Look through the entries below and copy exactly the part that begins with the line containing "Irinjalakuda (10 km)" and ends with the line containing "Fig. 6: The". Do not copy the pictures.
(SOURCE MATERIAL)
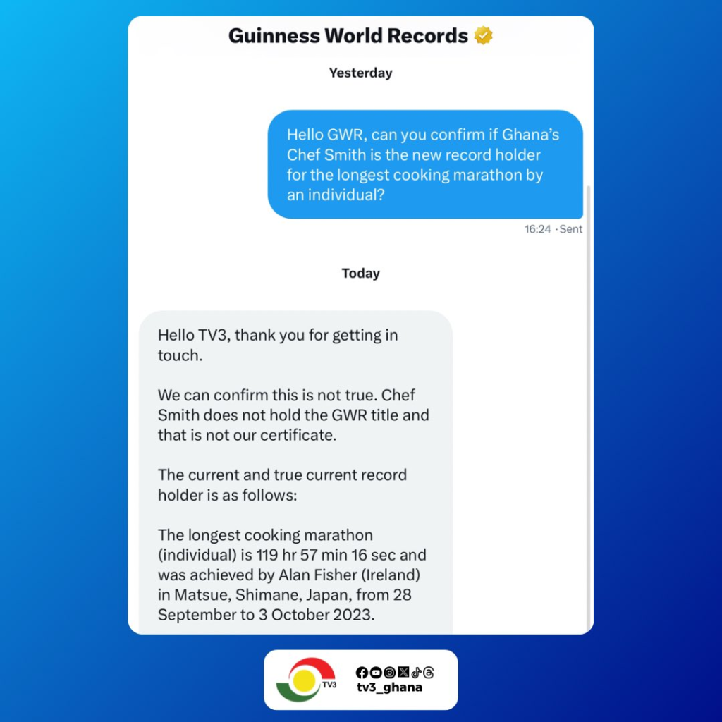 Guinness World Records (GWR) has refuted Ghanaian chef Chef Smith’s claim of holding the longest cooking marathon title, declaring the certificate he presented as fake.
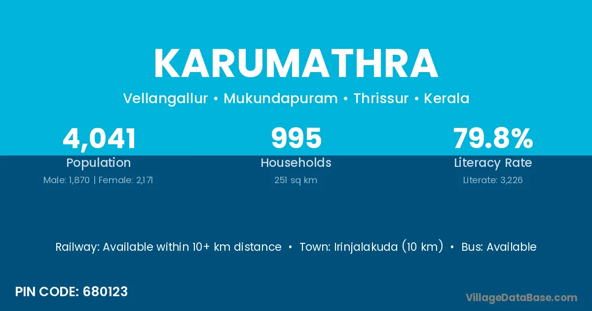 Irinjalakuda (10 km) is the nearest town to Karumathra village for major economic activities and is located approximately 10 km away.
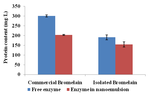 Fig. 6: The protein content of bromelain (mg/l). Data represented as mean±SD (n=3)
(End SOURCE MATERIAL)
(SOURCE MATERIAL)
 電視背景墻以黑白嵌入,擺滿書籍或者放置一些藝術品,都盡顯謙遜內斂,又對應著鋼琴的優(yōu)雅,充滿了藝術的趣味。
(End SOURCE MATERIAL)
» **SOLUTION**:
 Irinjalakuda (10 km) is the nearest town to Karumathra village for major economic activities and is located approximately 10 km away.
 Fig. 6: The protein content of bromelain (mg/l). Data represented as mean±SD (n=3)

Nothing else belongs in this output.